= Parallel college =

A parallel college was a privately owned educational institution in Kerala (a state of India) that was neither affiliated with nor recognized by any university, but that offered unofficial training following the courseware of a university. This system worked, in that most of the universities in Kerala allowed "private registration", in which a student could register in a university for a course, then pursue an academic programme without being admitted to a college or a university department. Students could learn the course material by themselves, then appear for examination at the university. Such students who pursued a 'private study' often relied on parallel colleges for tuition and guidance. The system was popular in Kerala because the total intake capacity of the affiliated colleges were insufficient to accommodate the aspirants for higher (tertiary) education.

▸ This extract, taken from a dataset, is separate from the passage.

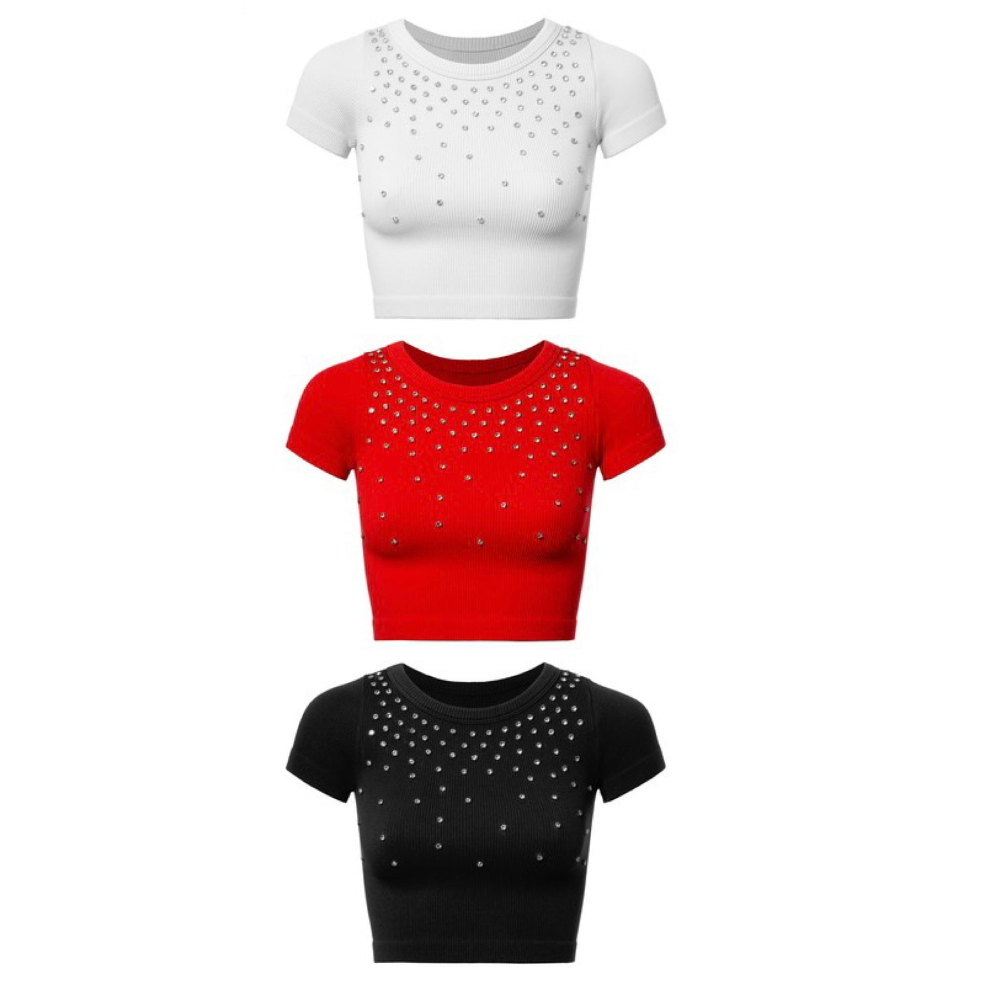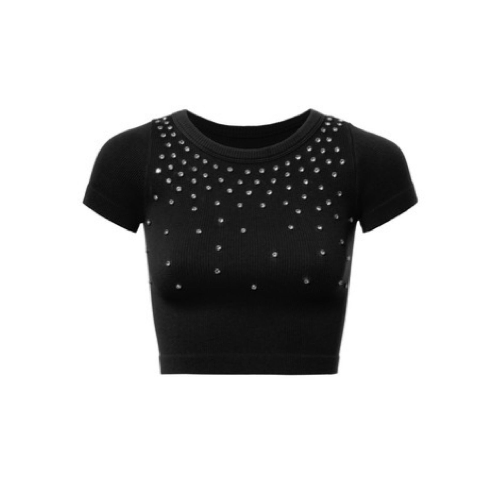 Rhinestone short sleeve rib tee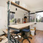 Op zolder heb je een mooi uitzicht over het groen en de Metaalkathedraal. Om daar optimaal van te kunnen genieten hebben wij een podium gebouwd waarop de slaapbank staat. Heerlijke plek om je terug te trekken.

Parallel colleges were always small-scale institutions with very limited facilities. They offered training only in 'arts' (social sciences and literature) or 'commerce' faculties (BA, B.Com, MA, M.Com) and never in 'science' or 'technical' faculties. This was because science courses required lab facilities.

== Demise ==
Parallel colleges were very popular and were, in fact, centres of education for the masses in the 1970s through 1990s. They were also a source of employment for many. But by the end of the 2000s this system has come to an end, following the state's opening of the higher education sector to private investors, which caused a surge in the number of private engineering colleges and other privately owned professional colleges, thus leaving many of the conventional (affiliated) degree colleges under-populated, eliminating the reason for the parallel system.

== Tutorial colleges ==
Tutorial colleges are institutions similar to parallel colleges with more limited scope. While parallel colleges impart full training to its students, tutorial colleges merely supplement the lessons given by colleges or schools.